4/17/10

4/16/10 - Community

I got to go on a mama’s playdate this evening with my dear friend LD. She and I have a hard time getting together because, as we learned tonight, we’re both really home bodies and have to force ourselves out into the world. We’re both really very social creatures, it’s the actual putting on of shoes and the like that we find a wee bit troublesome. But we managed to overcome last night and ended up at a lovely little tea house in town where we stayed until way beyond when you would think a tea house would be open.

And through all the chit chat about kids and family and the future and everything else that goes along with those things, we found the conversation kept wending its way back to the subject of community. Talking about the Story Corps project, about making sure to record the precious stories in our parents and grandparents memories. All of it coming back to the simple idea of tracking and honoring the threads and history that create our community, whatever or wherever that may be.

It’s a subject that has had deep personal meaning to me for as long as I can remember. My desire for a big family stems from my need and want of community. I loved my small college and the small sorority that I joined because of the inherent community. I reach out to the kindred spirits around me in the hopes of creating community. One that is fearless in its support, unhindered by self inflicted constraints and thriving with its own vibrant life force.

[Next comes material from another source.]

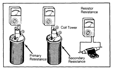 Set an ohmmeter in the low scale. Be sure ignition switch is "OFF". Check resistance of each resistor in the primary circuit. See Figure. Some manufacturers use resistor wires instead of ballast resistors. Most use 2 ballast resistors.
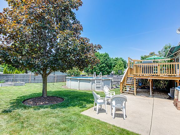 Lovely home sits on a lovely fenced lot! Spacious living room offers bright windows. Huge remodeled kitchen with tons of beautiful cabinets, an island, all appliances and a door to the elevated deck. The dining area is deep with a pretty window and it features modern lighting and a gorgeous built- in cabinet for dishes, television and storage. The owner's suite is light and airy and offers a private updated bath. Down the hall you'll find additional bedrooms plus an updated full bath. Downstairs has great windows, a wet bar, a BIG family room, a powder room and the laundry room. Deep garage with storage is perfect for all your tools and toys. Enjoy summer in your private pool with multiple covers and extra equipment that will stay. The lower patio leads to covered outside storage. New Roof in 2020, Central Air in 2022. This is a great home and neighborhood! Stop by today!

I’m sure this all sounds a bit woo woo and mushy for someone as concrete as I typically am. But I think the idea of community itself is a bit on the mushy side. I think it defies definition in so many ways because it is utterly subjective. But it is so vitally important to me and the way I choose to exist in the world. And I think it’s a larger conversation that needs to be bumped up in the realm of importance and priorities. Now if I could just figure out how to get it started.